Saturday, February 20, 2010

Lez not be friends...

Last night I had an unexpected surprise. One of my lesbian friends has been trying to hook me up and the woman called me last night. Was in my neighborhood and at my door in ten minutes. Happened quickly. I realized early on that it was not going to be a good fit for me. She wasn't that cute and was a pretty militant lesbian. I was going to dismiss her but then Daddy and I got into an argument and he got dismissive with me, called me an ass. What the fuck, why not? No reason I can't cum tonight too.

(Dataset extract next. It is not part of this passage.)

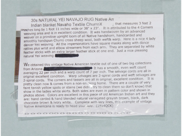 Yei Navajo Rug, Framed Pictorial Textile 23"x38.5"
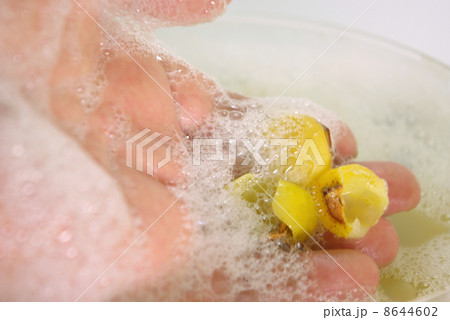ムクロジの実をビニール袋に入れて揉んで作った滑らかな泡

I took her to a neighborhood bar where there is live music. Amazing R&B bands and the entire place gets packed and thumping. We had a great time, drank....smoked (yup, I'm going to be in trouble for that.) I brought her back to my place and grudge fucked her. Didn't break in the Feeldoe, just wasn't feeling like I wanted to try to figure that shit out. Just lots of kissing and rubbing. She went down on me and got me to squirt. God that feels so fucking good! I haven't squirted in a while. I got off a few times, got her off. In the end it was grossly unsatisfying. Just sex. I won't see her again, really didn't care for her as a person. Plus she lives in Long Beach.

This morning I feel like crap, was out too late, too many cigs and I am hacking up a lung and a mild hangover. Got her out of here a couple of hours ago. Gong to yoga then have a shitload of housework to do. Supposed to see Daddy tonight, not sure if he will come over because I smoked last night. That was our deal. He may make an exception because I was lezzing out which he is encouraging. Hey, she was smoking and tasted gross! It helped overcome that barrier. Can't believe anyone ever kissed me the many years I smoked. Yuck.

Still feeling a bit Cinderella-esque today. My bed might as well have been empty. Very hollow experience.